What I want is the form to direct the browser to the this URI instead.
http://www.example.com/search/widget/
Is this possible to achieve as the form is handling a variable to perform the mysql query later on.
i.e
SELECT * FROM table where widget='$keyword'
Regards,
Change the links on the page to the 'friendly' URL-format. Users will click those new links, sending a request to your server. In order to serve content for those URLs (which don't resolve to 'real' files), you must then internally rewrite those requests to the proper script, with the keyword copied to the query string appended to the local URL-path of the script.

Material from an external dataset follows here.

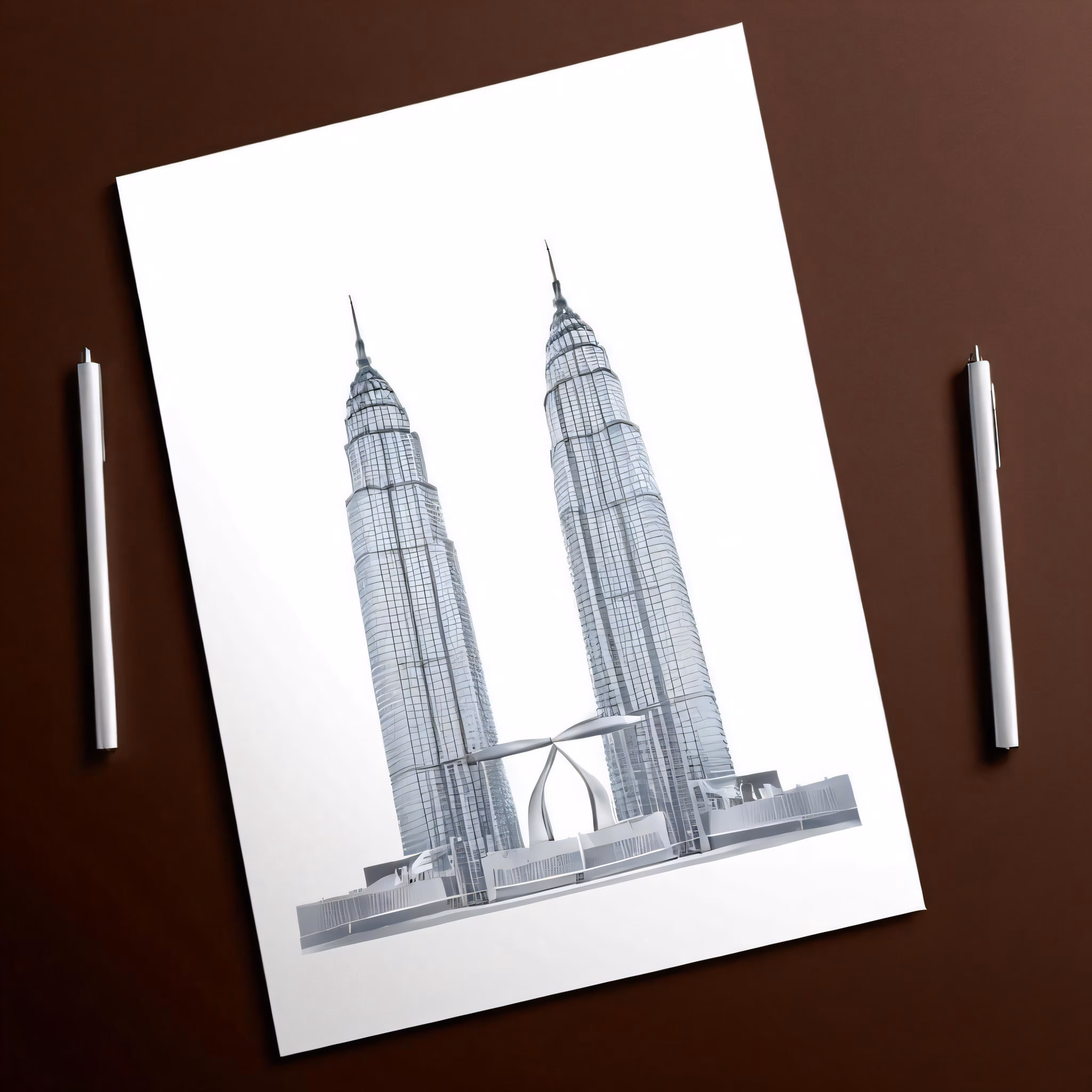 High resolution picture, free to use, a postcard on the brown table has a drawing of a large building and two white crayons

Further, you may wish to redirect direct client requests for the 'unfriendly' URLs back to the 'friendly' URLs, so that the 'unfriendly' ones will be removed from search engine listings. So, this can be up to a three-part process.
More info here [webmasterworld.com].
Jim
I understand briefly how mod_rewrite works but as I understand mod_rewrite cannot change URI's therefore my main priorty is getting the submit button to direct the user to http://www.example.com/search/widget/.
Thank you for your time
Since the question isn't very focused, I'll just suggest that you'd do this by modifying the URL used by the POST action in the HTML form ("Submit" activates the "POST" action).
The URLs on/in your pages define the URLs seen by the client, and mod_rewrite can't change them. All it can do is to internally rewrite a URL, when received in an HTTP request from the client, to a non-default filepath within the server, or to externally redirect it to another URL -- an action which is visible to the client (and user), and in which the client must take action to complete.